Опубликовано в журнале Новая Юность, номер 4, 2012
Константин Михайлов
ДОМ ПОД ЗЕЛЕНОЙ КРЫШЕЙ
На краю не застроенного еще Девичьего поля, на будущей Погодинской улице, стоял некогда причудливый дом, вошедший в летопись русской культуры нескольких поколений. На стенах этого дома не хватило бы места для мемориальных досок, и экскурсанты могли бы с утра до вечера толпиться у его ворот. Если бы он был цел.
Михаил Погодин, его друзья и враги
Изящная деревянная «Погодинская изба» на одноименной улице известна в Москве многим. Но не все знают, что это только один из флигелей обширной усадьбы, принадлежавшей во второй трети XIX века маститому историку.

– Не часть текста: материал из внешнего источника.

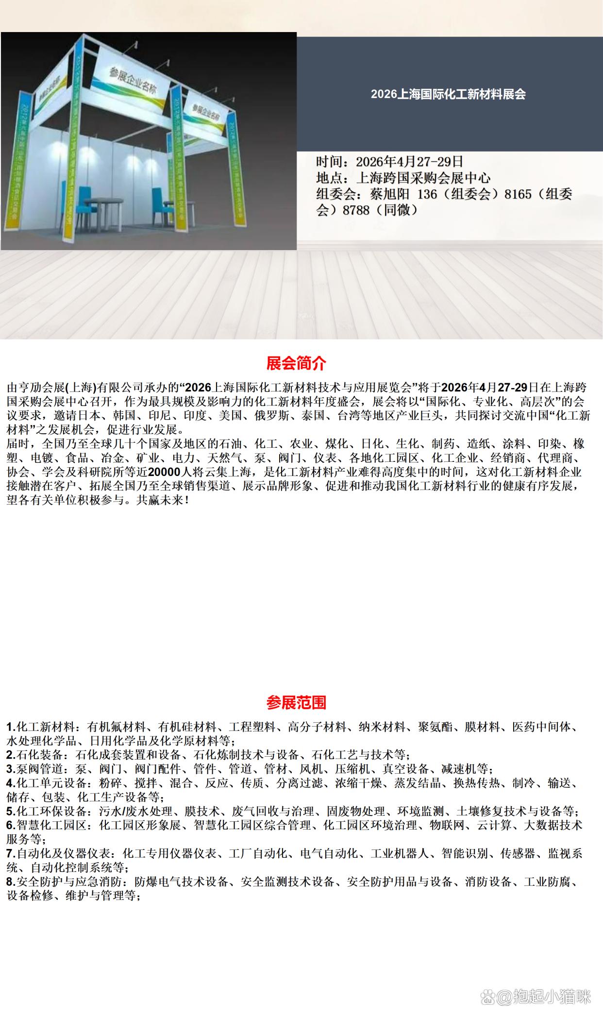 时间:2026年4月27-29日 地点:上海跨国采购会展中心 由亨劢会展(上海)有限公司承办的“2026上海国际化工新材料技术与应用展览会”将于2026年4月27-29日在上海跨国采购会展中心召开,作为最具规模及影响力的化工新材料年度盛会,展会将以“国际化、专业化、高层次”的会议要求,邀请日本、韩国、印尼、印度、美国、俄罗斯、泰国、台湾等地区产业巨头,共同探讨交流中国“化工新材料”之发展机会,促进行业发展。 届时,全国乃至全球几十个国家及地区的石油、化工、农业、煤化、日化、生化、制药、造纸、涂料、印染、橡塑、电镀、食品、冶金、矿业、电力、天然气、泵、阀门、仪表、各地化工园区、化工企业、经销商、代理商、协会、学会及科研院所等近20000人将云集上海,是化工新材料产业难得高度集中的时间,这对化工新材料企业接触潜在客户、拓展全国乃至全球销售渠道、展示品牌形象、促进和推动我国化工新材料行业的健康有序发展,望各有关单位积极参与。共赢未来! 口号:新技术、新产品打造一站式选型采购平台 主题:科技创新、健康发展 顶级盛会 ◎专业、权威,的国际盛会——ICME EXPO 2026将邀请韩国、俄罗斯、印尼、印度、美国、 泰国、日本、台湾等20多个国家和地区近600家知名企业参与,展出面积达35000平米。 ◎技术讲座———ICME EXPO 2026展览期间将同期举行多项的全方位的技术交流活动,学术研讨,务求全面配合展商多元化的宣传策略,讨论行业热门话题,每场费用:国内企业28000元,国外企业4000美元(时间为25分钟、不足25分钟按一场收费)。 “搭建国际采购贸易平台、促进企业交流合作、提高参展效果”————将是我们的目标! 展出范围: 1.化工新材料:有机氟材料、有机硅材料、工程塑料、高分子材料、纳米材料、聚氨酯、膜材料、医药中间体、水处理化学品、日用化学品及化学原材料等; 2.石化装备:石化成套装置和设备、石化炼制技术与设备、石化工艺与技术等; 3.泵阀管道:泵、阀门、阀门配件、管件、管道、管材、风机、压缩机、真空设备、减速机等; 4.化工单元设备:粉碎、搅拌、混合、反应、传质、分离过滤、浓缩干燥、蒸发结晶、换热传热、制冷、输送、储存、包装、化工生产设备等; 5.化工环保设备:污水/废水处理、膜技术、废气回收与治理、固废物处理、环境监测、土壤修复技术与设备等; 6.智慧化工园区:化工园区形象展、智慧化工园区综合管理、化工园区环境治理、物联网、云计算、大数据技术服务等; 7.自动化及仪器仪表:化工专用仪器仪表、工厂自动化、电气自动化、工业机器人、智能识别、传感器、监视系统、自动化控制系统等; 8.安全防护与应急消防:防爆电气技术设备、安全监测技术设备、安全防护用品与设备、消防设备、工业防腐、设备检修、维护与管理等; 展位收费: 参展项目 规格及要求 国内企业 合资企业 外资企业 标准展位 3m ╳ 3m 15800元/个 17800元/个 4000美元/个 角标展位 3m ╳ 3m 17800元/个 19800元/个 4500美元/个 室内空地 36m²起订 1600元/m² 1800元/m² 400美元/m² 展位说明: A.标准展位配置:中英文楣板、日光灯两盏、隔板(高度250cm,可用高度246cm)、洽谈桌一张、椅子两把、可容400W/220V电源插座一个及地毯; B.订光地的展商自行负责展位布置的所需费用,详见参展商手册。 参展事项 1、参展单位详细填写好《参展合同表》并加盖公章,邮寄或传真至组委会; 2、报名后,参展单位必须在3个工作日内将相关费用汇入组委会指定账户; 3、展位安排以“先报名、先交款、先安排”为原则,组委会有权对少量展位予以调整; 4、展品运输、展会接待、住宿等事宜将在开展前三个月组委会另行发送参展商手册。 敬请及时与我们沟通联络,获取最新展会信息 联系单位:亨劢会展(上海)有限公司 电话:021-5415 5272 传真:021-61294697 联系人:蔡旭阳 136 8165 8788

Правее избы, если смотреть с улицы, располагались усадебный сад и парк (от него уцелело еще несколько лип), а также главный усадебный дом — двухэтажный, с мезонином, стеклянным куполом и крыльцом со ступеньками. А когда-то дом Погодина был знаменит. «Нет в Москве ни единого из старых, ни молодых коренных обывателей, кто бы не знал на Девичьем поле длинного тенистого сада, русской избы и дома под зеленой крышей, кто бы не сказал, что это оседлость Михаила Петровича Погодина» — так чествовали историка в 1872 году, отмечая 50-летие его научной деятельности. «Оседлость Погодина» располагалась по адресу: Погодинская улица, 10-12. Излишне говорить, в чью честь названа улица. Сам же Погодин шутливо представлялся так: «Михаил Петров сын Погодин, чином генерал[1], званием бытописатель, по охоте старины любитель, по месту жительства посадский человек на Девичьем поле, куда, когда кому угодно, милости прошу».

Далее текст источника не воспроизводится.